Python implementation of the Silhouette Method  

The Silhouette Method is another popular technique for evaluating the quality of clustering in K-Means Clustering. It provides a measure of how similar a point is to its own cluster (cohesion) compared to other clusters (separation). A higher Silhouette Score indicates better-defined clusters.

Here is a step-by-step Python implementation of the Silhouette Method in K-Means Clustering:

Step 1: Import Required Libraries

We'll start by importing the necessary libraries: numpy, pandas, scikit-learn for model building, and matplotlib for visualization.

import numpy as np
import matplotlib.pyplot as plt
from sklearn.cluster import KMeans
from sklearn.metrics import silhouette_score
from sklearn.datasets import make_blobs

Step 2: Generate or Load Data

Create synthetic data using make_blobs or read the data from some of the open repositories like Kaggle dataset, UCI Machine Learning Repository etc and explore the data to understand the features and its importance.

# Generate synthetic data for clustering
X, y = make_blobs(n_samples=300, centers=4, cluster_std=1.0, random_state=42)

Step 3: Visualize the Data (Optional)

Plot the dataset to understand its structure.

plt.scatter(X[:, 0], X[:, 1], s=50, c='blue')
plt.title("Generated Data")
plt.xlabel("Feature 1")
plt.ylabel("Feature 2")

Step 4: Compute Silhouette Scores for Different Cluster Numbers

Loop through a range of cluster values, compute K-Means clustering, and calculate the Silhouette Score for each.

silhouette_scores = []

# Try K values from 2 to 10 (minimum K is 2 for Silhouette Score)
for k in range(2, 11):
    kmeans = KMeans(n_clusters=k, init='k-means++', random_state=42)
    labels = kmeans.labels_  # Cluster labels
    score = silhouette_score(X, labels)  # Compute Silhouette Score

Step 5: Plot the Silhouette Scores

Plot the Silhouette Scores for different numbers of clusters.

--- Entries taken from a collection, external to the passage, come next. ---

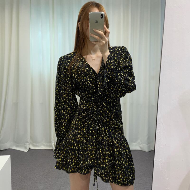 新品 Vネックギャザー★花柄 ⦿韓国 オルチャン K-pop アイドル ジャケット スーツ ワンピース カーディガン ニット フーディー トレーナー キャミソール スカート シャツ ブラウス 5A4032851
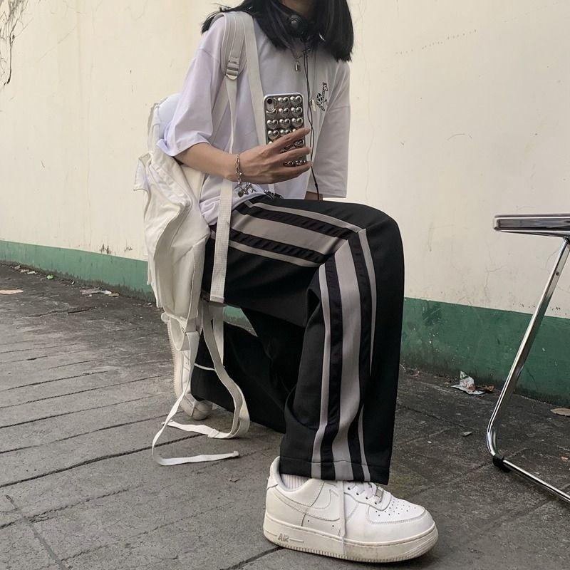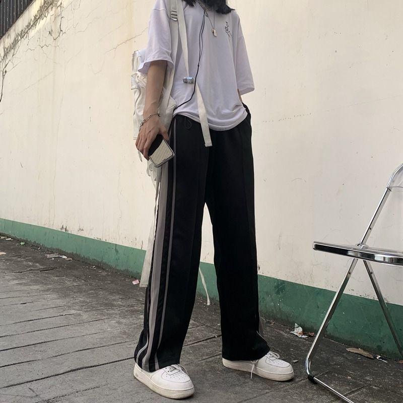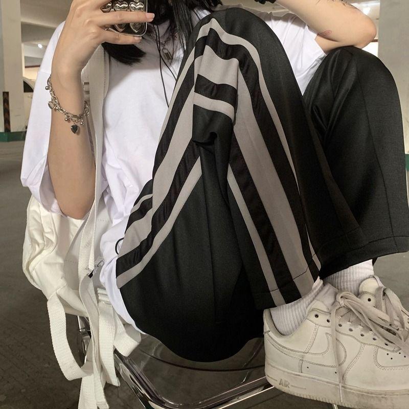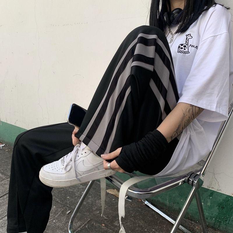 Pantalones largos rectos deportivos de ocio 2025 Primavera y Otoño Nueva Moda Sueltos con Costuras para Mujer Trendy
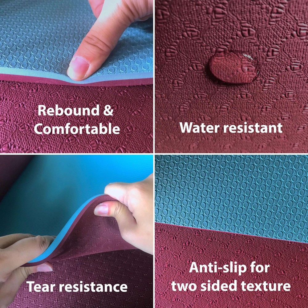 Material: Eco-Friendly Tpe Material Part Number: S01004-3 Type: Does not apply Package Dimensions LxWxH: 24.25x7.48x6.46 Inches UPC: Does not apply Brand: Does not apply Model Number: S01004-3 Sport Type: Yoga, Yoga Size: 72" X 24" X 2/5" Care Instructions: Hand Wash Only Color: Dark Red & Blue Gray Weight: 3.13 Pounds gtin13: Does not apply
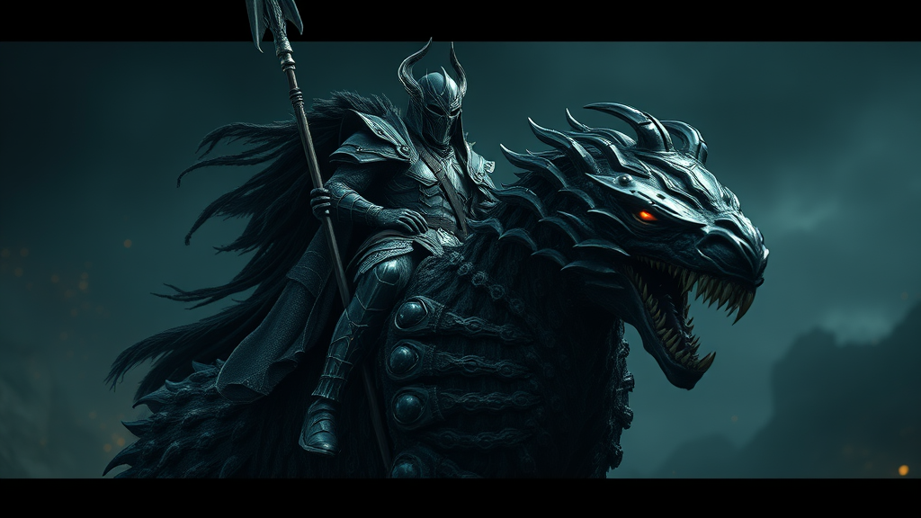 Conquest, clad in full battle gear, mounted on a fearsome beast, enveloped in an atmosphere of horror and darkness, featuring intricate designs and fine details; captured with photography lighting in a photorealistic style, evoking a cinematic quality with subtle cinematic noise. Rendered using octane for a focused, hyperrealistic effect, enhanced through VFX post-production with RTX ray tracing lighting, suitable for galleries like ArtStation and CGSociety, presented in a 9:16 aspect ratio.
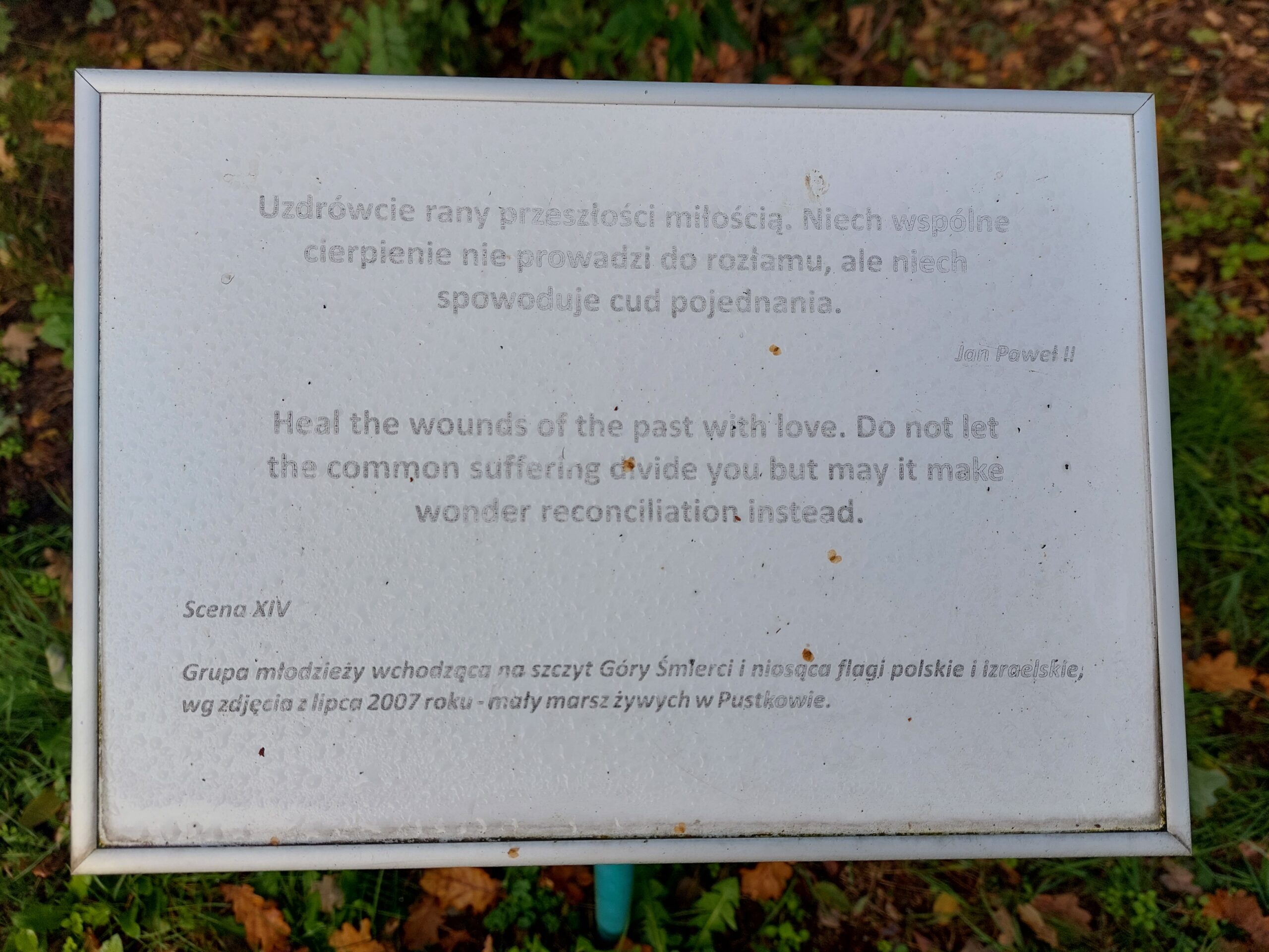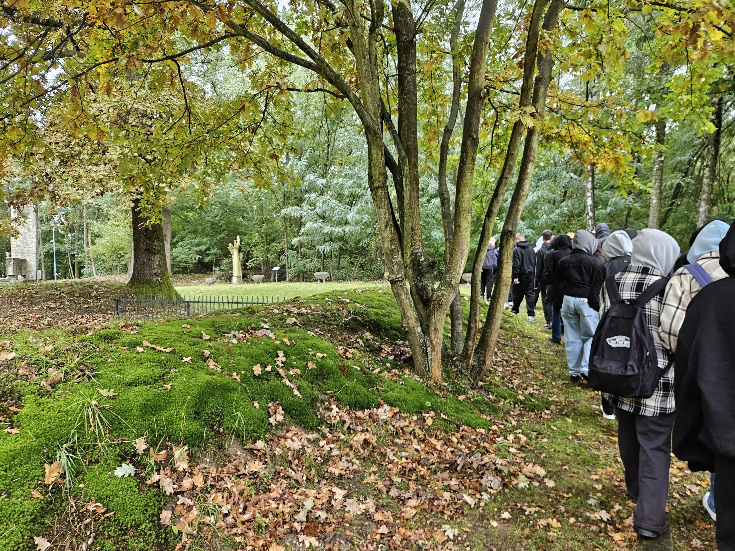 Następnie młodzież udała się na „Drogę Cierpienia” – poruszającą ścieżkę wyznaczoną przez 14 rzeźb w kształcie ludzkich dłoni. Symbolizują one ból, nadzieję i pamięć.

plt.figure(figsize=(8, 5))
plt.plot(range(2, 11), silhouette_scores, marker='o', linestyle='--', color='b')
plt.title('Silhouette Method for Optimal K')
plt.xlabel('Number of Clusters (K)')
plt.ylabel('Silhouette Score')
plt.xticks(range(2, 11))

Step 6: Identify the Optimal Number of Clusters

The optimal number of clusters corresponds to the highest Silhouette Score. Inspect the plot or programmatically find the maximum score.


  • The optimal kk is the one with the highest Silhouette Score.
  • It indicates the best separation between clusters.
optimal_k = range(2, 11)[np.argmax(silhouette_scores)]  # Identify optimal K
print(f"The optimal number of clusters is {optimal_k}")

The optimal number of clusters is 4

Step 7: Apply K-Means with Optimal K

Use the identified optimal number of clusters to perform the final clustering.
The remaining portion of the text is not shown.